Screening of Volunteers for Influenza Human Challenge Studies


The high morbidity and mortality associated with both pandemic and seasonal influenza and
the anticipation for future influenza pandemics puts influenza front and center in
infectious disease research. Because the natural history and pathogenesis of human influenza
has not been well characterized and cannot be adequately studied in animal models or with
current in vitro techniques, important questions about influenza pathogenesis can only be
approached through human challenge studies.

Previous human challenge studies have addressed some aspects of the natural history by
evaluating the timing of viral replication, shedding, clinical symptoms, and innate and
adaptive immune responses. Although these studies have provided important information, all
but one was performed prior to 1990. Without exception, these studies had limitations due to
the scope of the study and/or the scientific techniques available at that time.

The primary goal of this study is to collect and store serum and PBMC samples and obtain
clinical and laboratory data from volunteers to determine in advance if they are potentially
eligible to participate in future influenza challenge studies. To accomplish this
objective, up to 1000 subjects will be enrolled in this protocol at the NIH Clinical Center
clinic or day hospital in order to maintain a pool of subjects who have been evaluated and
can be screened for future influenza challenge studies.

Inclusion Criteria


- INCLUSION CRITERIA:

1. Greater than or equal to 18 and less than or equal to 50 years old, and have no
significant health abnormalities

2. Willing to consider taking part in a future influenza challenge study

3. Non-habitual smoker (habitual smokers are persons who smoke more than 4
cigarettes or other tobacco products on a weekly basis) and agree to not use
tobacco products during participation in any future influenza challenge study

4. A female subject is eligible for this study if she is any of the following:

- Of non-childbearing potential (i.e., women who have had a hysterectomy or tubal
ligation or are post-menopausal, as defined by no menses in greater than or equal to
1 year)

- Of childbearing potential but agrees to practice effective contraception or
abstinence (from heterosexual sex) for 4 weeks prior to enrolling into a specific
challenge study and during the study.

NOTE: Acceptable methods of contraception may include one or more of the following: 1)
male partner who is sterile prior to the female subject's entry into the study and is the
sole sexual partner for the female subject; 2) implants of levonorgestrel; 3) injectable
progestogen;, 4) an intrauterine device with a documented failure rate of less than
1percent; 5) oral contraceptives; or 6) double barrier methods including diaphragm or
condom with a spermicide.

5. Willing to have samples stored for future research

EXCLUSION CRITERIA:

1. Self-reported history of any significant medical condition including but not limited
to:

- Chronic pulmonary disease (such as asthma, emphysema)

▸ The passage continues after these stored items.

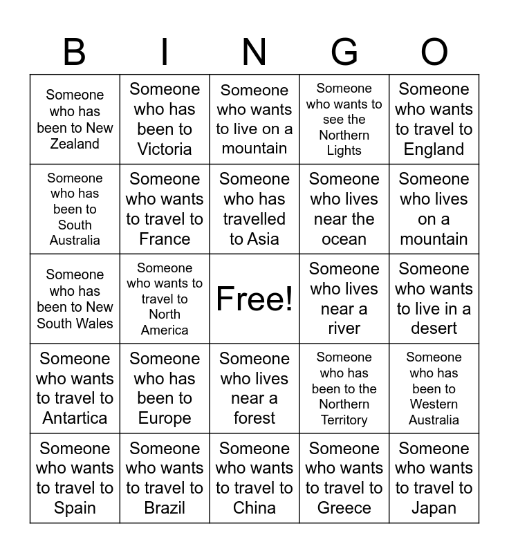 This bingo card has a free space and 25 words: Someone who has been to Europe, Someone who wants to travel to China, Someone who has travelled to Asia, Someone who wants to travel to Spain, Someone who wants to travel to England, Someone who has been to New Zealand, Someone who has been to South Australia, Someone who has been to Victoria, Someone who lives near a river, Someone who lives near a forest, Someone who lives near the ocean, Someone who has been to New South Wales, Someone who has been to the Northern Territory, Someone who has been to Western Australia, Someone who wants to travel to France, Someone who wants to live near the beach, Someone who wants to live in a desert, Someone who wants to live on a mountain, Someone who lives on a mountain, Someone who wants to travel to North America, Someone who wants to travel to Japan, Someone who wants to travel to Brazil, Someone who wants to travel to Antartica, Someone who wants to see the Northern Lights and Someone who wants to travel to Greece.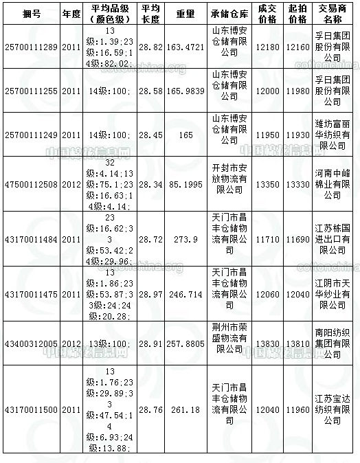 8月20日儲(chǔ)備輪出成交1619.33噸,其中2011年度國(guó)產(chǎn)棉成交1276.25噸。2012年度國(guó)產(chǎn)棉成交343.08噸。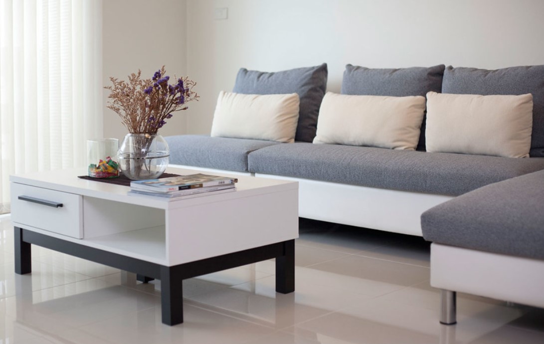 Диван с комбинированной белой и серой обивкой подойдет для скандинавского интерьера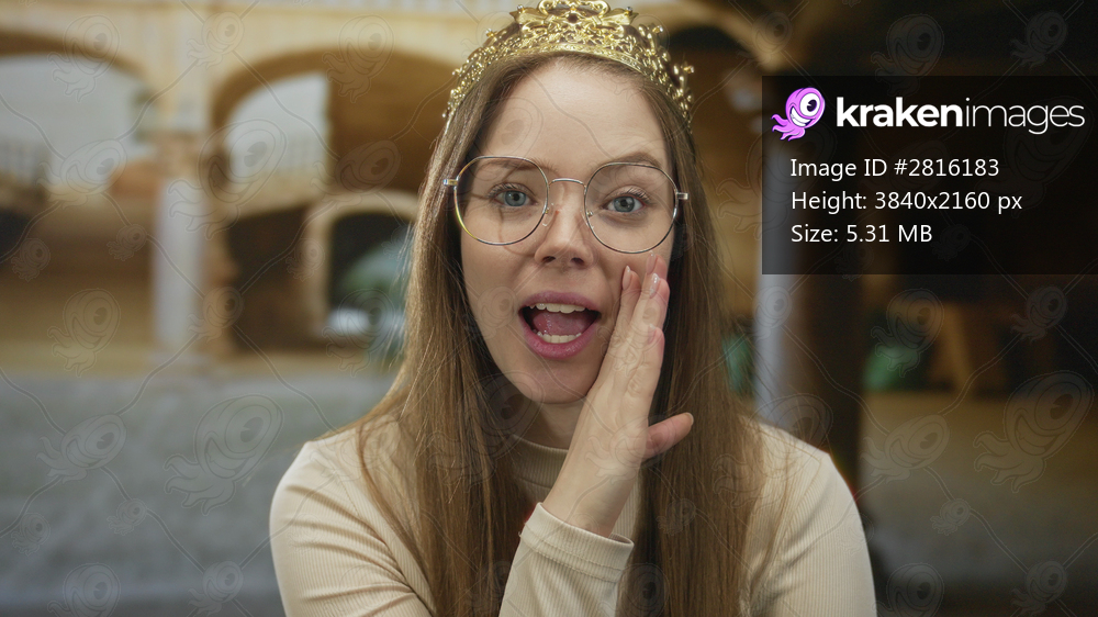 Young caucasian woman wearing crown and glasses softly covers her mouth whispering in ancient building; secrecy.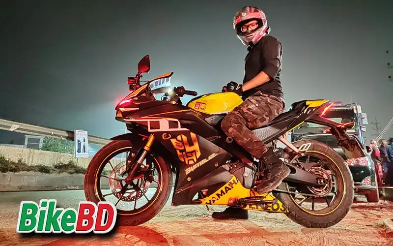 মডিফিকেশন- শখের বাইক একটু মডিফাই না করলেই নয়। ছোটবেলা থেকেই আমার সবচেয়ে পছন্দের বাইক Yamaha YZF R1M. দেশে সিসি লিমিটেশনের জন্য এই বাইক চালানোর স্বপ্ন টা স্বপ্নই থেকে গেছে। তবে চেষ্টা করেছি আমার R15 টা কে একটু R1M এর মতো লুক দেওয়ার। আমাদের দেশের এক কারিগরের কাছ থেকে R1M এর মতো হেড বানিয়ে নিয়েছিলাম গ্লাস ফাইবার দিয়ে। তারপর সেটিকে বাইকে বসিয়ে পুরো বাইকে নতুন পেইন্ট করা হলো। নতুন গ্রাফিক্স করা হলো। গ্রাফিক্সের কনসেপ্ট ছিল BumbleBee । এখন বাইকটাকে দেখতে কিছুটা হলেও R1M এর মতো দেখায়। এছারাও কিছু আফটারমার্কেট এক্সেসরিজ লাগানো হয়েছে। এই বাইকটার ভাল দিক গুলো এনজয় করছি এবং খারাপ দিক গুলোর সাথে মানিয়ে নেওয়ার চেষ্টা করছি। কারন কোন বাইকই স্বয়ং সম্পুর্ণ নয়। কিছু না কিছু খারাপ দিক প্রত্যেকটা বাইকেরই থাকে। ওভারঅল এই বাইকটাকে আমি রেটিং দিব ৮.৫/১০।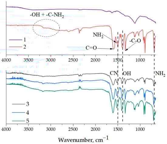 FT-IR spectroscopy of pristine NDs, aminoacetic acid, and ND samples treated with aminoacetic acid: 1—pristine NDs; 2—aminoacetic acid; 3—ND samples treated with 2.5% aminoacetic acid solution; 4—ND samples treated with 5.0% aminoacetic acid solution; 5—ND samples treated with 7.5% aminoacetic acid solution.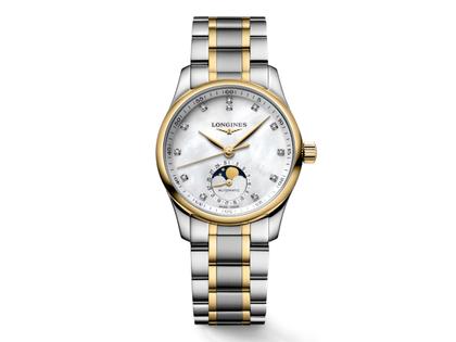 Longines Master Collection Automatik Edelstahl 34mm Perlmutt-Zifferblatt Brillant-Indizes Mondphase zweifarbiges Metallband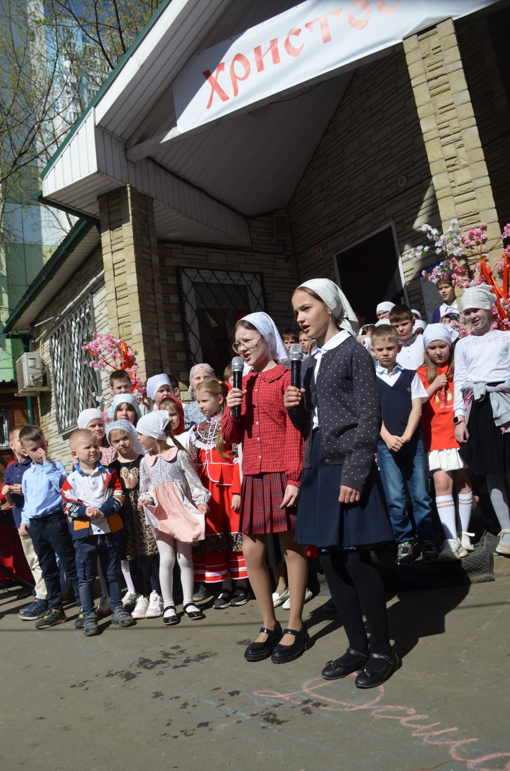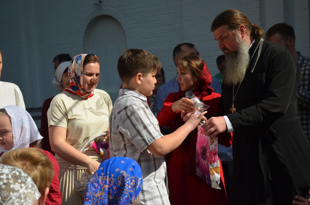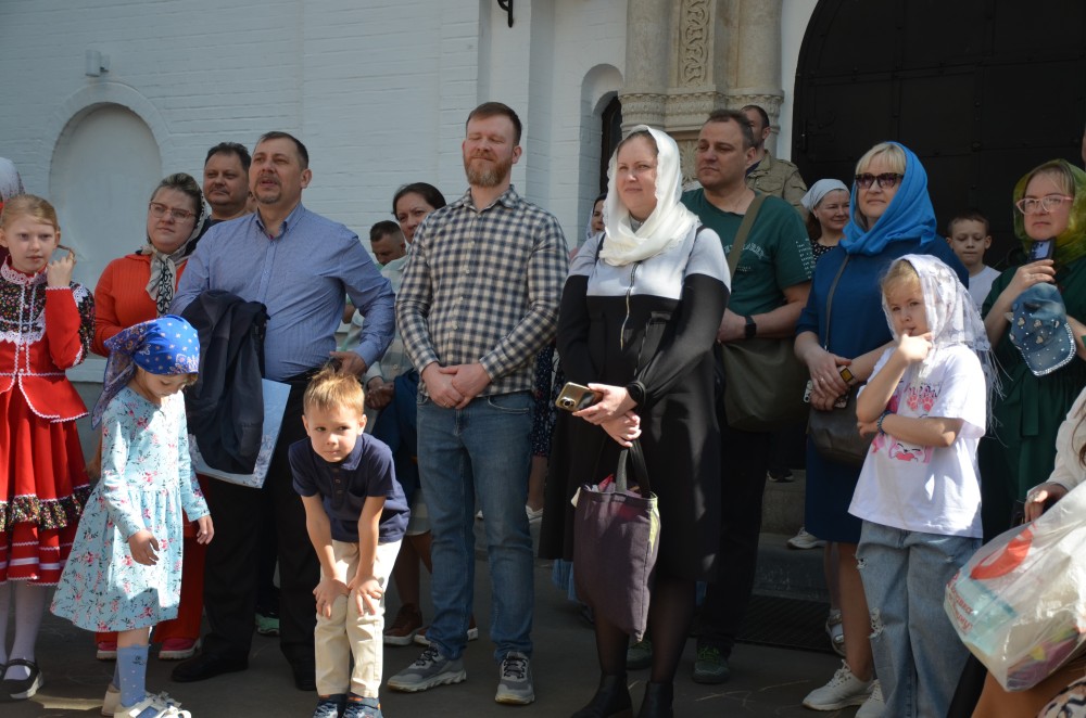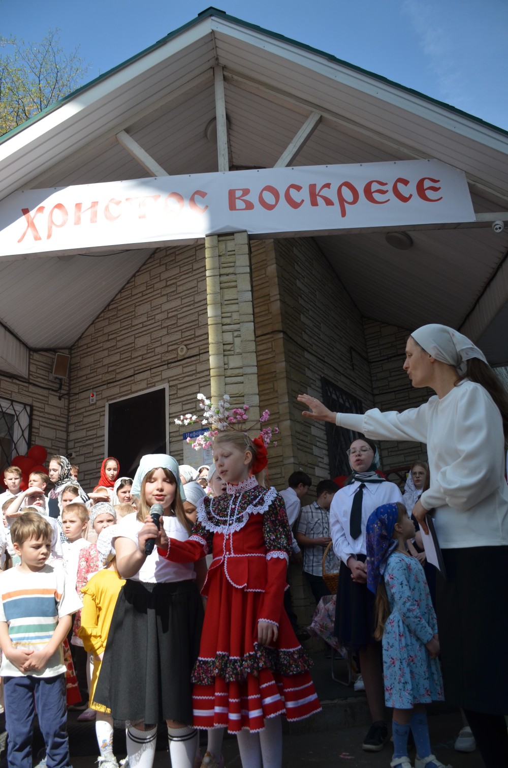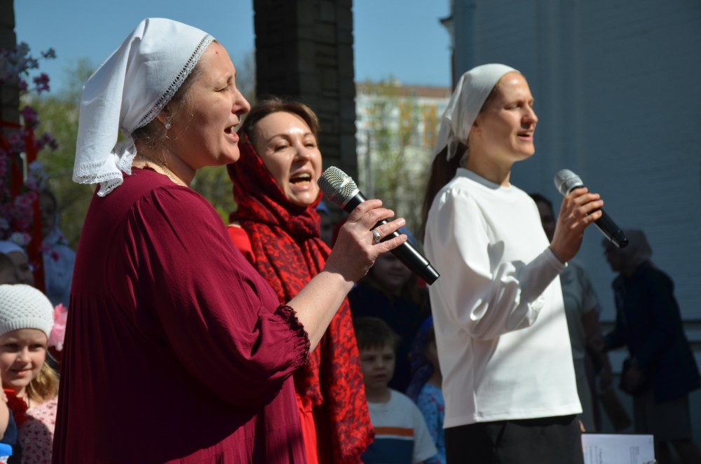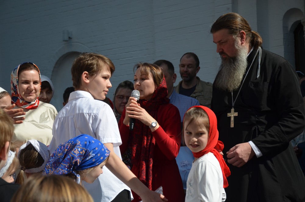 На прихрамовой площади детский хор исполнил праздничные песни под аккомпанемент директора Воскресной школы Екатерины Вадимовны Гришиной.

- Chronic cardiovascular disease (cardiomyopathy, congestive heart failure,
cardiac surgery, ischemic heart disease, known anatomic defects)

- Chronic medical conditions requiring close medical follow-up or hospitalization
during the past 5 years (diabetes mellitus, renal dysfunction,
hemoglobinopathies)

- Immunosuppression or cancer

- Neurological and neuro-developmental conditions (e.g., cerebral palsy, epilepsy,
stroke, seizures)

- Drug and/or alcohol dependency and/or abuse

2. Individuals with close or household (i.e., share the same apartment or house)
high-risk contacts including but not limited to:

Persons 65 years of age or older

Children less than 5 years of age

Residents of nursing homes

Close contacts of any age with significant chronic medical conditions such as:

- Chronic pulmonary disease (e.g. asthma)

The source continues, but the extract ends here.